CW: Mentions of colonial violence, abuse

On Sept. 20, the Kanien’kehà:ka Kahnistensera (Mohawk Mothers) attended a case management hearing at the Quebec Superior Court as part of their ongoing lawsuit against McGill over the New Vic project

Exceptionally, federal and provincial representatives were brought onto the case as third parties. Independent Special Interlocutor Kimberly Murray was established as a “friend of the court”—someone brought on to offer outside expertise or information—during the proceedings. A member of the Kanesatake Mohawk Nation herself, Murray is a federal representative for cases involving Indigenous unmarked graves and burial sites. 

Daniel Benghozi, representing the Attorney General of Quebec (AGQ), was also added to the case as a third (impleaded) party because of its importance and potential to alter standing pieces of Quebec legislation, such as the Cultural Heritage Act

Philippe Blouin, an anthropologist and associate of the Mohawk Mothers, thinks that the AGQ ended up playing an outsized role in the case.

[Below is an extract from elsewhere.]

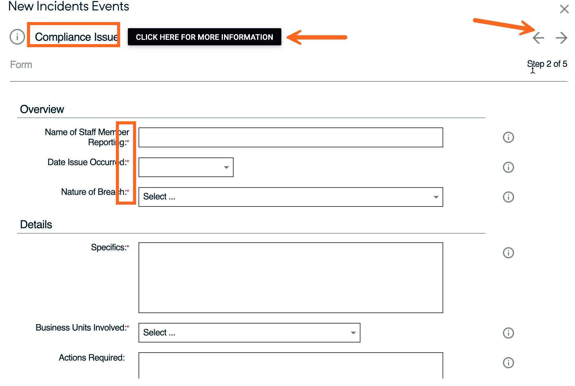 This button will only appear if this Event Type has further instruction for you to follow. Click this button to display those further instructions for creating this Event. |
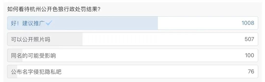 另有媒体在微博上发布“如何看待杭州公开色狼行政处罚结果”的投票,引发网友纷纷投票,大多数人认为“建议推广”,但也有少部分人担心这样的做法可能侵犯隐私、“误伤”无辜的同名群众。

“The Quebec attorneys […] decided to join [the hearings] as a third party, but they ended up leading the whole defence […] and litigating very aggressively,” Blouin said in an interview with The McGill Tribune

According to Blouin, Murray’s inclusion as a third party in court seemed to worry McGill and the AGQ. 

“[The opposition] fears that [Murray] will give evidence that there are bodies [on the land in question],” Blouin said. “It is quite an issue that Quebec is pushing back against the person in Canada who’s supposed to facilitate the investigation of unmarked graves.” 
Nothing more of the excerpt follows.